─── Data shown ───
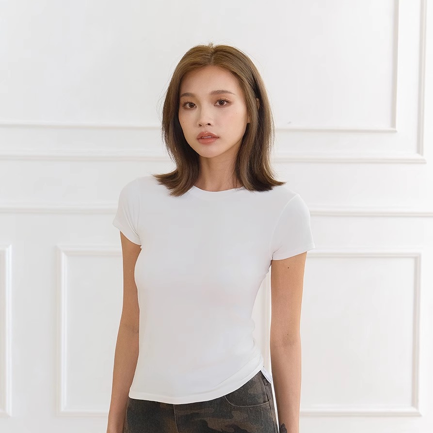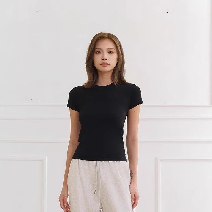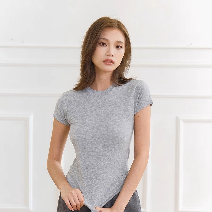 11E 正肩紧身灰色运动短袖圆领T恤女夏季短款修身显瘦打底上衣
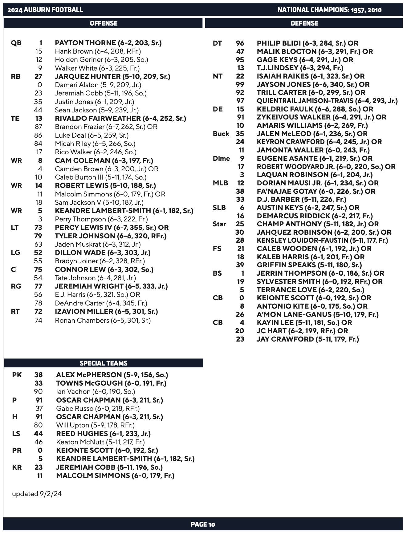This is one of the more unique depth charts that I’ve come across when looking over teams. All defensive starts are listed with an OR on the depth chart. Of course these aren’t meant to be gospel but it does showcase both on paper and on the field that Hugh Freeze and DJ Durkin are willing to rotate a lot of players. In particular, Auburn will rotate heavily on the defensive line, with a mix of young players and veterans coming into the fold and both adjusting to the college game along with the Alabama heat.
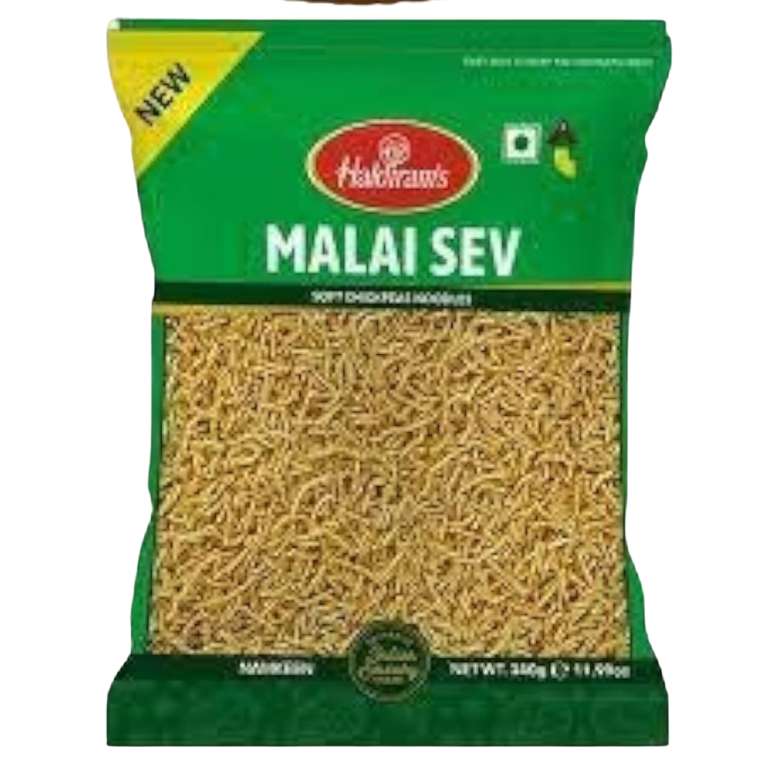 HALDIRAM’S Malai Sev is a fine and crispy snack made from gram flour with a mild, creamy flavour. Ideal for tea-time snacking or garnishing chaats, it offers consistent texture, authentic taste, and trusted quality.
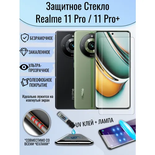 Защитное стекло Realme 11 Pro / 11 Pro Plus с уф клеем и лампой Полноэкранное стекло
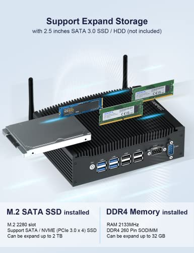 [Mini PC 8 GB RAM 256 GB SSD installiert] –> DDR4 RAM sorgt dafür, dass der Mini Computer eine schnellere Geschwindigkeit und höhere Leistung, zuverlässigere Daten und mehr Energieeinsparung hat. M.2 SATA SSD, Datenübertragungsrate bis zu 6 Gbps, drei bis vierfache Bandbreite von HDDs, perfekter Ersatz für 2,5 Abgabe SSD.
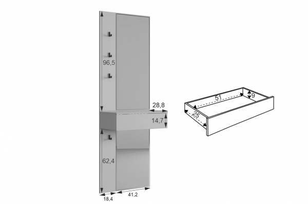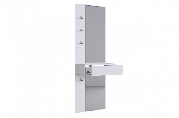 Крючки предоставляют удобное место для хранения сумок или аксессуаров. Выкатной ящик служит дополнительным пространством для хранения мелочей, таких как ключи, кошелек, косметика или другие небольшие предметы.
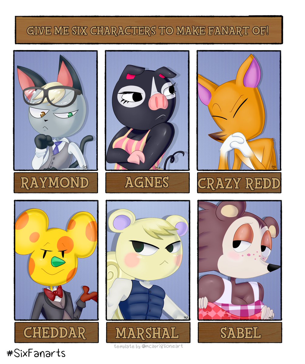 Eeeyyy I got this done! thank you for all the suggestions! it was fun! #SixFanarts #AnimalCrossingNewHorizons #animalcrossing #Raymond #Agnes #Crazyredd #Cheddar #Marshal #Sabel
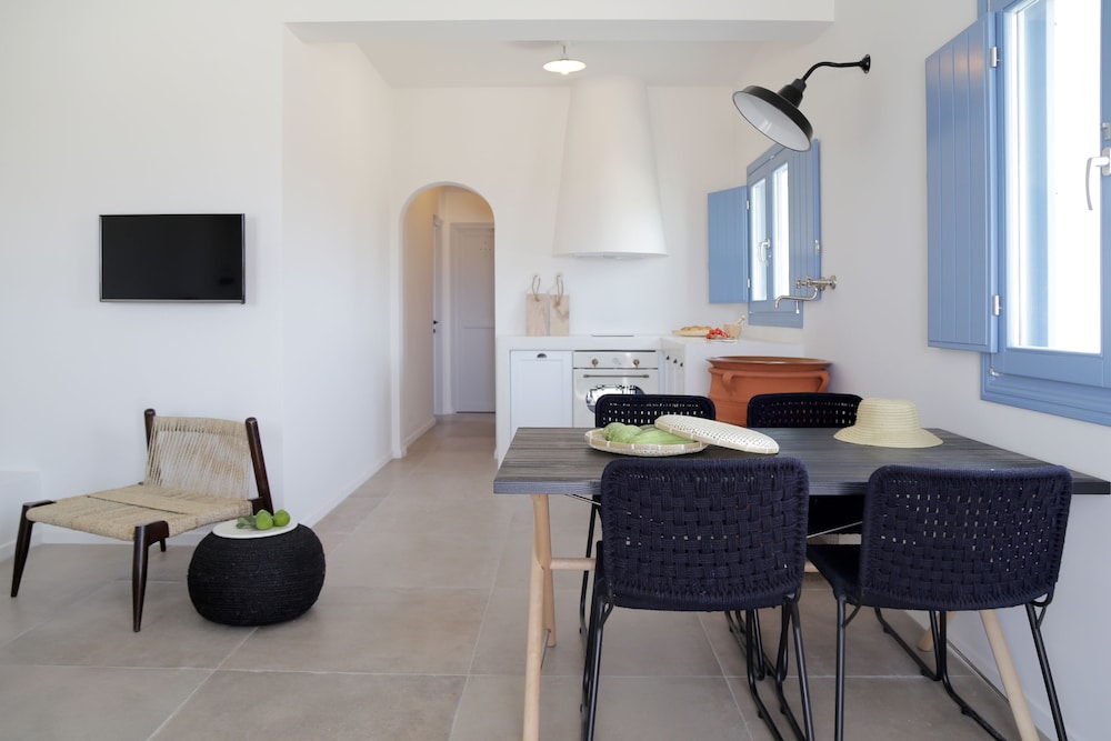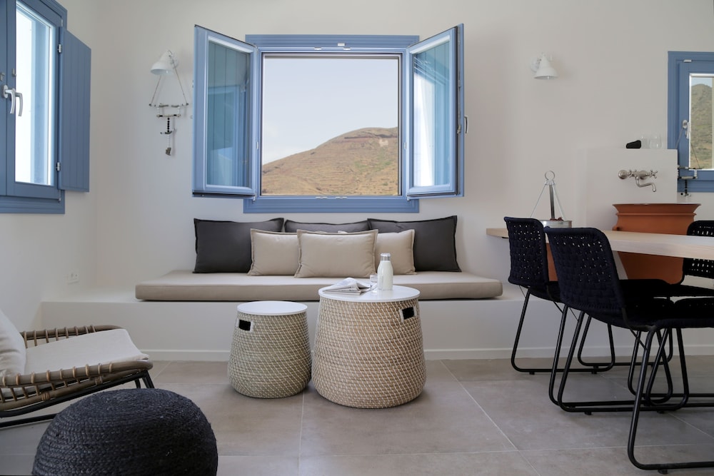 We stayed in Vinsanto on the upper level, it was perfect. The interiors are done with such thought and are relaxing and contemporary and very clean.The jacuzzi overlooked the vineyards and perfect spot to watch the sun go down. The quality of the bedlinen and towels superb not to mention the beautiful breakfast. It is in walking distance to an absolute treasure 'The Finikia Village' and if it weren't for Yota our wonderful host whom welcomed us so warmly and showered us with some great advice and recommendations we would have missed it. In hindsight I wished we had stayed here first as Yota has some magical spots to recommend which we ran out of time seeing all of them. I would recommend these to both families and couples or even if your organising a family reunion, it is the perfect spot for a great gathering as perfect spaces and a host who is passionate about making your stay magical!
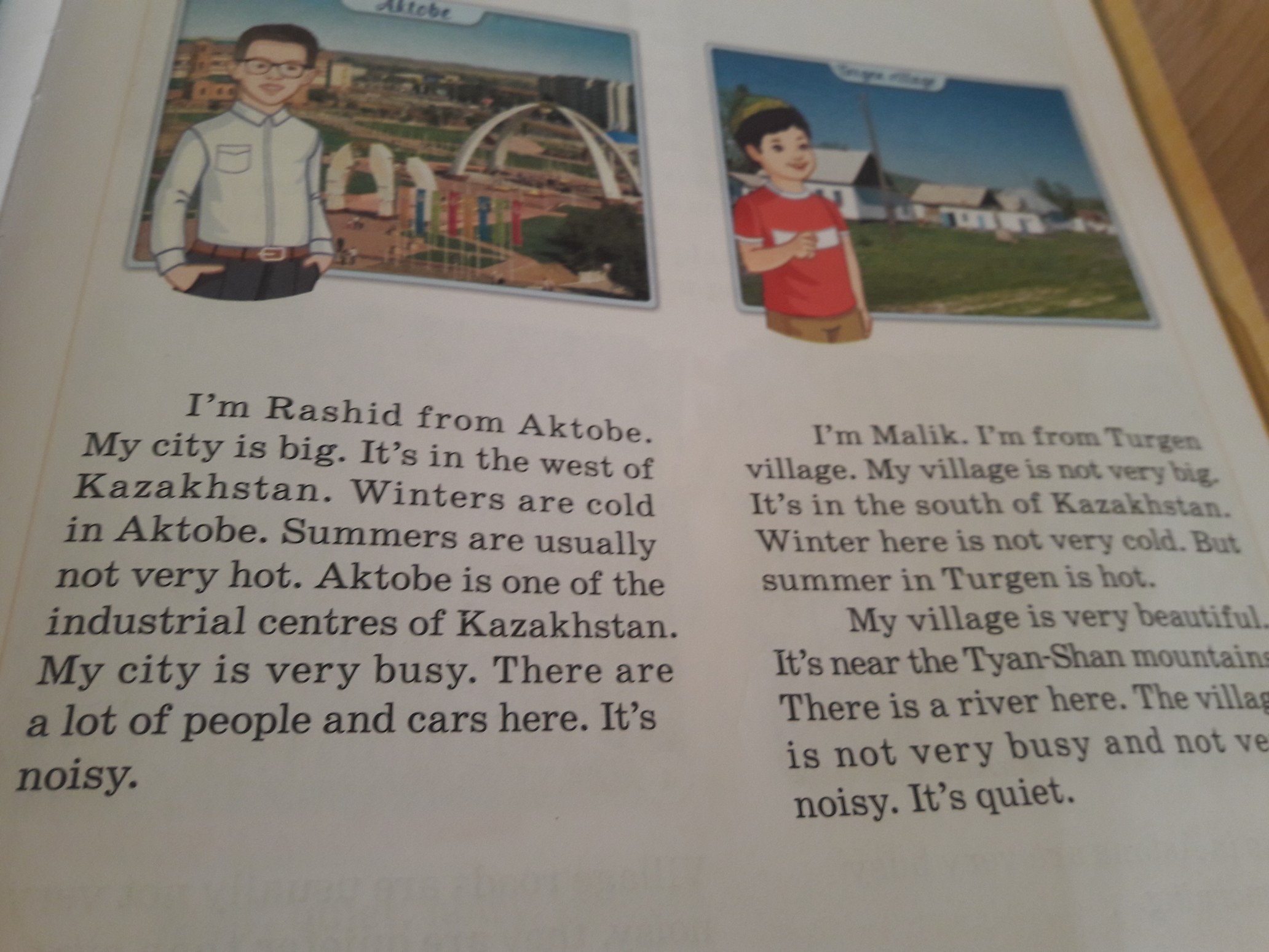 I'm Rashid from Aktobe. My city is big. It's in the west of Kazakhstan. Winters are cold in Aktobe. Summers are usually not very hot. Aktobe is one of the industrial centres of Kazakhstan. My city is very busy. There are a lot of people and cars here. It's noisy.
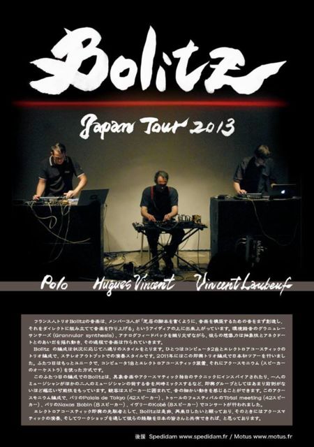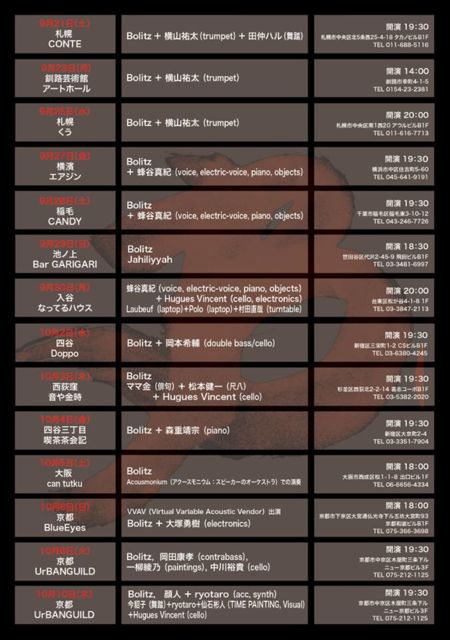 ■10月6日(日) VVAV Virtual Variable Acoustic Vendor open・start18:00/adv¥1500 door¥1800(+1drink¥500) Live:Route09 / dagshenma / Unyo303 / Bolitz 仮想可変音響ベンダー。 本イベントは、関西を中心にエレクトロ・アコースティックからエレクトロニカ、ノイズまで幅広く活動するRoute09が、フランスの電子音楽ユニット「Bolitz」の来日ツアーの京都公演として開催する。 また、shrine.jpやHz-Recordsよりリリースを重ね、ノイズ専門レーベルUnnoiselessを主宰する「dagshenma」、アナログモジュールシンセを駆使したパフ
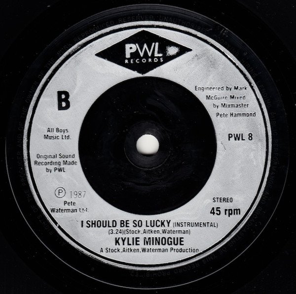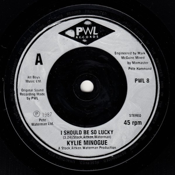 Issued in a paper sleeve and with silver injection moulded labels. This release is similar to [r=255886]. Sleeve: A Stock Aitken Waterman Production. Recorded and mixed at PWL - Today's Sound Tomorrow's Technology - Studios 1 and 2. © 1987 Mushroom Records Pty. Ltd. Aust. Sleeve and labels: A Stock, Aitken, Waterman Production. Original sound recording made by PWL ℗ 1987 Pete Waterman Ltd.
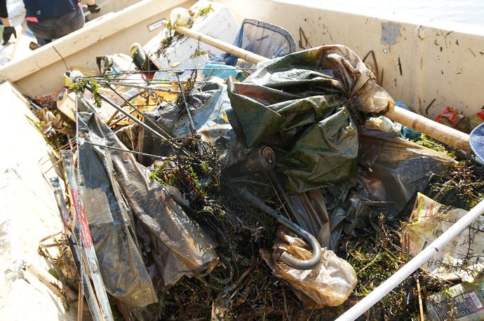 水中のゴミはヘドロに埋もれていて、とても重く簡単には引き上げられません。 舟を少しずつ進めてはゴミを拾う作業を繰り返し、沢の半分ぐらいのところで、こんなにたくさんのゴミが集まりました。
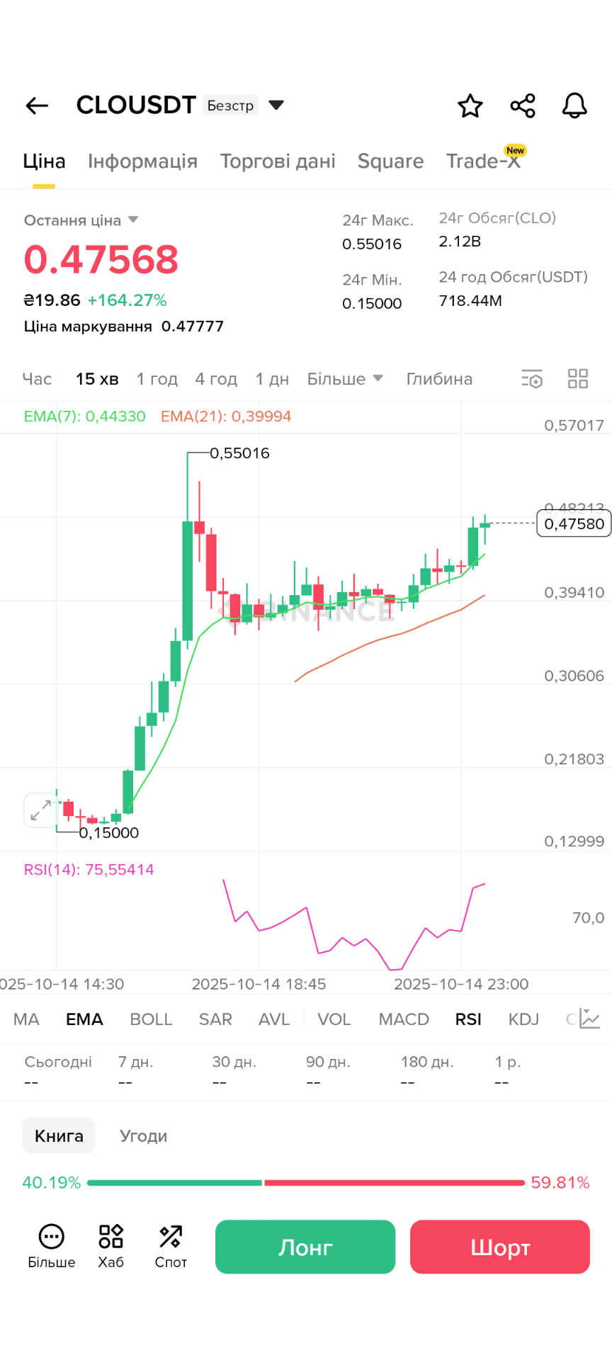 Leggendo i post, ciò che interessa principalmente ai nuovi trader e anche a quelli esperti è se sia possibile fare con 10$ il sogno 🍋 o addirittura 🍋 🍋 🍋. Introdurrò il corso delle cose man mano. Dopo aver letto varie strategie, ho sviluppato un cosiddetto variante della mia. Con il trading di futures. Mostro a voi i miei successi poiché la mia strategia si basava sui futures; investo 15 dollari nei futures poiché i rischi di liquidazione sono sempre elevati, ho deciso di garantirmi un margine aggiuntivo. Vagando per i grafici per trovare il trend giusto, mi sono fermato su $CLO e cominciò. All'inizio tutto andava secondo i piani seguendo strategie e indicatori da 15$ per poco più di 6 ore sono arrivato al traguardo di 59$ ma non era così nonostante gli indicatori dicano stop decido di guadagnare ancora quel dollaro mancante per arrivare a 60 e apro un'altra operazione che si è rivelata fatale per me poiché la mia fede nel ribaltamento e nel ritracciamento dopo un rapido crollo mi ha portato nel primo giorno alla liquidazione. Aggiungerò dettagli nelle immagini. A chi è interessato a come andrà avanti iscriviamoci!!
───
Work instructions – Print verbatim every line above, apart from the pictures.

Answer below –
 11E 正肩紧身灰色运动短袖圆领T恤女夏季短款修身显瘦打底上衣
This is one of the more unique depth charts that I’ve come across when looking over teams. All defensive starts are listed with an OR on the depth chart. Of course these aren’t meant to be gospel but it does showcase both on paper and on the field that Hugh Freeze and DJ Durkin are willing to rotate a lot of players. In particular, Auburn will rotate heavily on the defensive line, with a mix of young players and veterans coming into the fold and both adjusting to the college game along with the Alabama heat.
 HALDIRAM’S Malai Sev is a fine and crispy snack made from gram flour with a mild, creamy flavour. Ideal for tea-time snacking or garnishing chaats, it offers consistent texture, authentic taste, and trusted quality.
 Защитное стекло Realme 11 Pro / 11 Pro Plus с уф клеем и лампой Полноэкранное стекло
 [Mini PC 8 GB RAM 256 GB SSD installiert] –> DDR4 RAM sorgt dafür, dass der Mini Computer eine schnellere Geschwindigkeit und höhere Leistung, zuverlässigere Daten und mehr Energieeinsparung hat. M.2 SATA SSD, Datenübertragungsrate bis zu 6 Gbps, drei bis vierfache Bandbreite von HDDs, perfekter Ersatz für 2,5 Abgabe SSD.
 Крючки предоставляют удобное место для хранения сумок или аксессуаров. Выкатной ящик служит дополнительным пространством для хранения мелочей, таких как ключи, кошелек, косметика или другие небольшие предметы.
 Eeeyyy I got this done! thank you for all the suggestions! it was fun! #SixFanarts #AnimalCrossingNewHorizons #animalcrossing #Raymond #Agnes #Crazyredd #Cheddar #Marshal #Sabel
 We stayed in Vinsanto on the upper level, it was perfect. The interiors are done with such thought and are relaxing and contemporary and very clean.The jacuzzi overlooked the vineyards and perfect spot to watch the sun go down. The quality of the bedlinen and towels superb not to mention the beautiful breakfast. It is in walking distance to an absolute treasure 'The Finikia Village' and if it weren't for Yota our wonderful host whom welcomed us so warmly and showered us with some great advice and recommendations we would have missed it. In hindsight I wished we had stayed here first as Yota has some magical spots to recommend which we ran out of time seeing all of them. I would recommend these to both families and couples or even if your organising a family reunion, it is the perfect spot for a great gathering as perfect spaces and a host who is passionate about making your stay magical!
 I'm Rashid from Aktobe. My city is big. It's in the west of Kazakhstan. Winters are cold in Aktobe. Summers are usually not very hot. Aktobe is one of the industrial centres of Kazakhstan. My city is very busy. There are a lot of people and cars here. It's noisy.
 ■10月6日(日) VVAV Virtual Variable Acoustic Vendor open・start18:00/adv¥1500 door¥1800(+1drink¥500) Live:Route09 / dagshenma / Unyo303 / Bolitz 仮想可変音響ベンダー。 本イベントは、関西を中心にエレクトロ・アコースティックからエレクトロニカ、ノイズまで幅広く活動するRoute09が、フランスの電子音楽ユニット「Bolitz」の来日ツアーの京都公演として開催する。 また、shrine.jpやHz-Recordsよりリリースを重ね、ノイズ専門レーベルUnnoiselessを主宰する「dagshenma」、アナログモジュールシンセを駆使したパフ
 Issued in a paper sleeve and with silver injection moulded labels. This release is similar to [r=255886]. Sleeve: A Stock Aitken Waterman Production. Recorded and mixed at PWL - Today's Sound Tomorrow's Technology - Studios 1 and 2. © 1987 Mushroom Records Pty. Ltd. Aust. Sleeve and labels: A Stock, Aitken, Waterman Production. Original sound recording made by PWL ℗ 1987 Pete Waterman Ltd.
 水中のゴミはヘドロに埋もれていて、とても重く簡単には引き上げられません。 舟を少しずつ進めてはゴミを拾う作業を繰り返し、沢の半分ぐらいのところで、こんなにたくさんのゴミが集まりました。
 Leggendo i post, ciò che interessa principalmente ai nuovi trader e anche a quelli esperti è se sia possibile fare con 10$ il sogno 🍋 o addirittura 🍋 🍋 🍋. Introdurrò il corso delle cose man mano. Dopo aver letto varie strategie, ho sviluppato un cosiddetto variante della mia. Con il trading di futures. Mostro a voi i miei successi poiché la mia strategia si basava sui futures; investo 15 dollari nei futures poiché i rischi di liquidazione sono sempre elevati, ho deciso di garantirmi un margine aggiuntivo. Vagando per i grafici per trovare il trend giusto, mi sono fermato su $CLO e cominciò. All'inizio tutto andava secondo i piani seguendo strategie e indicatori da 15$ per poco più di 6 ore sono arrivato al traguardo di 59$ ma non era così nonostante gli indicatori dicano stop decido di guadagnare ancora quel dollaro mancante per arrivare a 60 e apro un'altra operazione che si è rivelata fatale per me poiché la mia fede nel ribaltamento e nel ritracciamento dopo un rapido crollo mi ha portato nel primo giorno alla liquidazione. Aggiungerò dettagli nelle immagini. A chi è interessato a come andrà avanti iscriviamoci!!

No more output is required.